There is a certain level of socialism baked into our Constitution that becomes evident when one gains an understanding of our monetary system. The US government actually does control the means of production, but that control is not direct as one would normally think of when thinking of “control”. It is the power given to Congress to tax and coin (create) the nation’s currency “for the general welfare”. Politicians, at least since the end of the gold standard in the ’70s, have avoided this mandate (Article 1: Section 8) like the plague, but their cowardice doesn’t alter the operational reality of our monetary system.
Taxation has never directly funded the operations and programs of the federal government, Ditto with Treasury debt (bonds). Both are methods of drawing down levels of currency in the economy, primarily as inflation control. With a monetary system designed around dual entry spreadsheet accounting and defending the gold reserve the government sector couldn’t hold both money and the gold it represented without extreme gyration of normal accounting.
The solution was for the government never to “have” money, balancing it to zero with a “debt” entry in the government sector matching every dollar created from nothing in the private sector. When someone paid their tax bill the money used for that was effectively destroyed by the debt entry the moment it entered the government sector. Keeping the total of the debt entries below the value of the gold reserve assured the currency wouldn’t become “monetarily” inflated and Congress always knew what “policy space” it had to spend by creating “new” money.

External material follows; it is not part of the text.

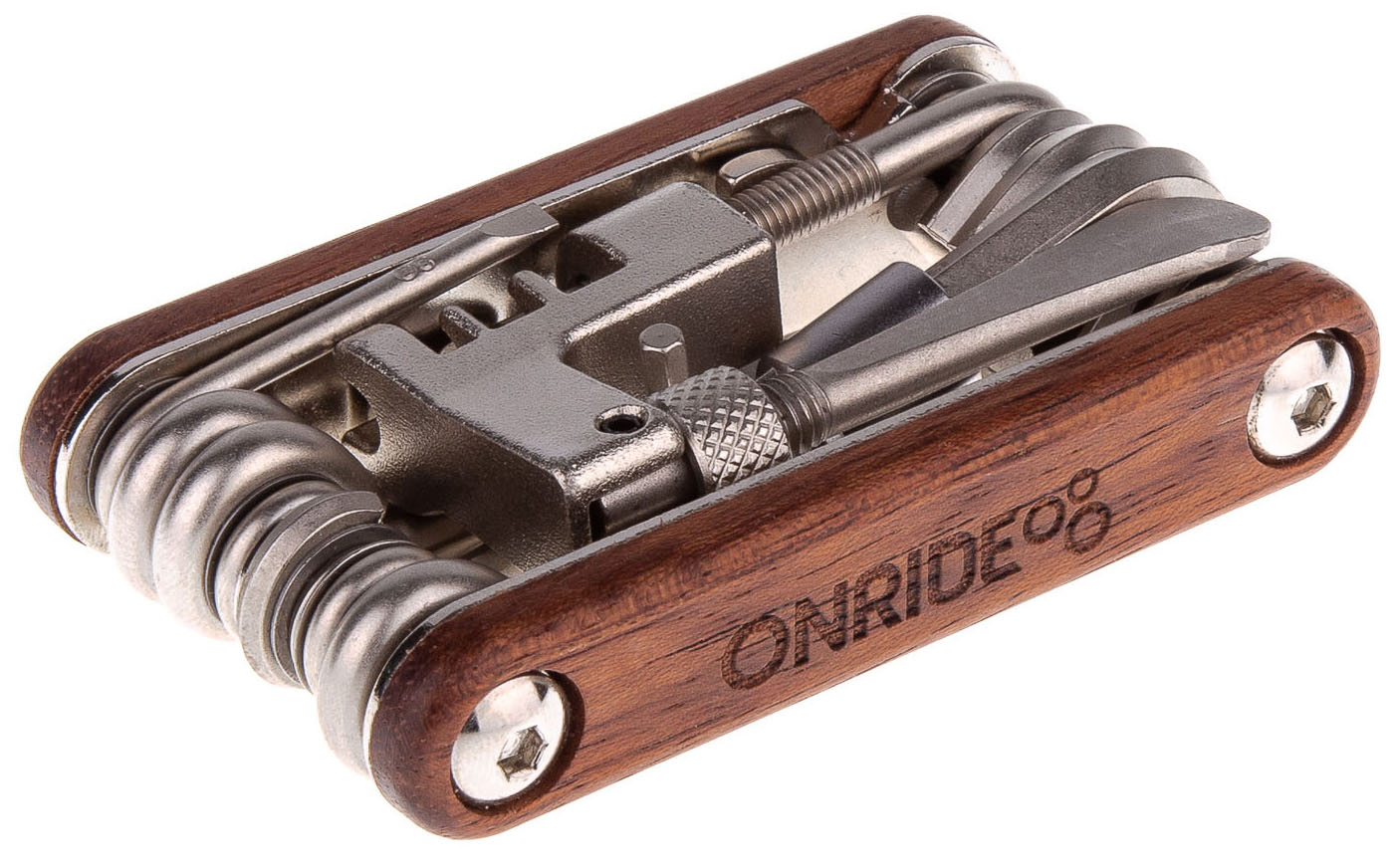 Мультитул ONRIDE Swing Набір ключів шестигранників на 20 функцій з бортувальною лопаткою, витискачем ланцюга, відкривачкою та спицьними ключами 14/15G у комплекті . А вишукана дерев'на ручка робить його ще більш елегантним. Компактний, маленький і легкий. Виготовлений з високоякісної загартованої сталі легованої Cr-V. В наборі: • Шестигранники 2 / 2,5 / 3 / 4 / 5 / 6 мм • Плоска викрутка Flat 3/Flat 5 • Хрестоподібна викрутка Ph1/Ph2 • Бортувальна лопатка • Витискач ланцюга • Відкривачка • Спицьні ключі 14/15G • Ключ торкс T10/T25

This created the appearance that the money was “backed” by gold, but the bare truth is that it has always been a tax credit given value by the ability of the US government to levy and collect taxes only payable in its own currency. Taxes drive the demand for the currency and offer protection from inflation, but never should be considered “revenue” to a government that neither needs or uses revenue to spend. The utlity of the currency in the economy has always been dependent upon the government creating more currency than it demanded back in taxation to enable the economy to satisfy the desire of the people to save/profit with a reliable store of value and to net retire private debt without incurring more debt.
When properly viewed in this context, it becomes obvious that the government can’t actually “balance” its budget, clawing back all payments to the private sector with taxation, if it also allows profit/savings and has a net deficit in trade without seriously depriving the economy. This is proven by the fact that the only seven times we have managed to sustain such a balance for any length of time has resulted almost immediately in recession or depression as the lack of ability to retire private bank debt caused defaults to pile up with the first downturn of the business cycle and bank debt cannot be “rolled over” into GDP growth.
This presents a real danger of cascading collapse of the supply chains if it isn’t mitigated with government spending into the economy. This is the purpose of the safety nets and automatic stabilizers, not just to alleviate unnecessary suffering. Government most definitely controls the means of production, but via funding, not managing. In fact, it is one of the primary functions of government to organize the economy and commerce around its currency to maintain that control. The fact that it can always afford anything that is available for sale priced in its currency without incurring inflation gives it much more power over the economy than the current batch of econ illiterates in Congress realizes or there is a purpose behind their madness.